TASK STATEMENT: From the material below, reproduce exactly the stretch of lines that begins with the line holding "碧海信用金庫が公式配信!24時間いつでも楽々残高照会!" and ends with the line holding "When you’re live-baiting", skipping the pictures.

ENTRIES SUPPLIED:
· · · · · · ·

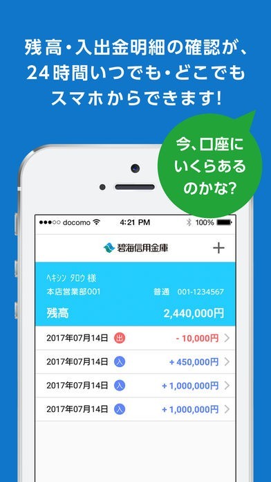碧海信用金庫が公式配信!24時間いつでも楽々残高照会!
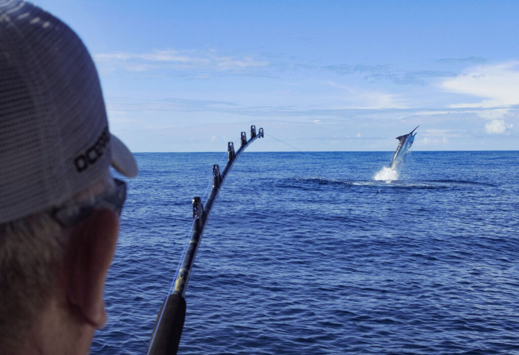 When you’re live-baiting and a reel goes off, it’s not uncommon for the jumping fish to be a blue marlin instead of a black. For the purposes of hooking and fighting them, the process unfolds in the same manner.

· · · · · · ·

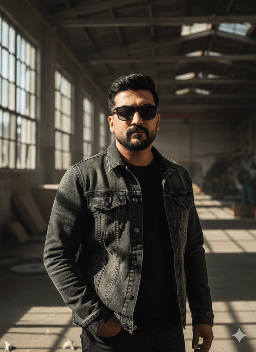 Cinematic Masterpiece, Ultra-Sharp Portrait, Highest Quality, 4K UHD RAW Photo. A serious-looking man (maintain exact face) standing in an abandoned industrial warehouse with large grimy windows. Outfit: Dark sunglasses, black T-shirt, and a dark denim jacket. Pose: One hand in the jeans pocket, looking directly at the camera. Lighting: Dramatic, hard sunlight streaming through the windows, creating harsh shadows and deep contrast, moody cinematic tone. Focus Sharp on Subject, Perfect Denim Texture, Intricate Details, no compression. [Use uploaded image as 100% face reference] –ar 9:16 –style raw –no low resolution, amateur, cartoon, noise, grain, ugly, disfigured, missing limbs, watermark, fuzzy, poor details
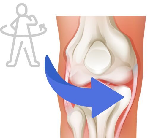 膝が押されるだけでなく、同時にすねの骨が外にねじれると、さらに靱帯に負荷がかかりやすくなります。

· · · · · · ·

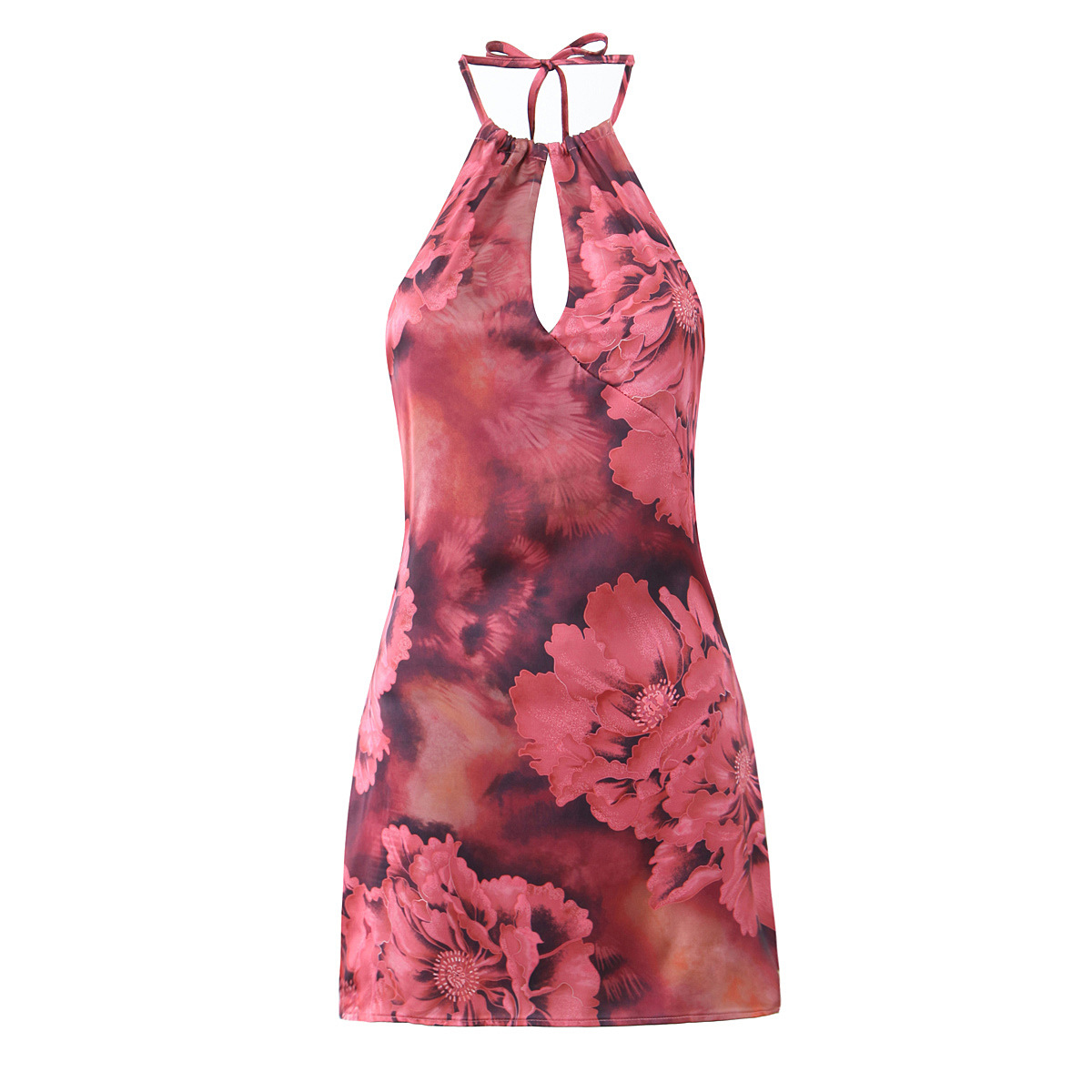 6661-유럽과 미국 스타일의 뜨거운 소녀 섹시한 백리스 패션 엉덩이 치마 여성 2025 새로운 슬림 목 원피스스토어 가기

· · · · · · ·

EXERCISE OUTPUT:
碧海信用金庫が公式配信!24時間いつでも楽々残高照会!
 When you’re live-baiting and a reel goes off, it’s not uncommon for the jumping fish to be a blue marlin instead of a black. For the purposes of hooking and fighting them, the process unfolds in the same manner.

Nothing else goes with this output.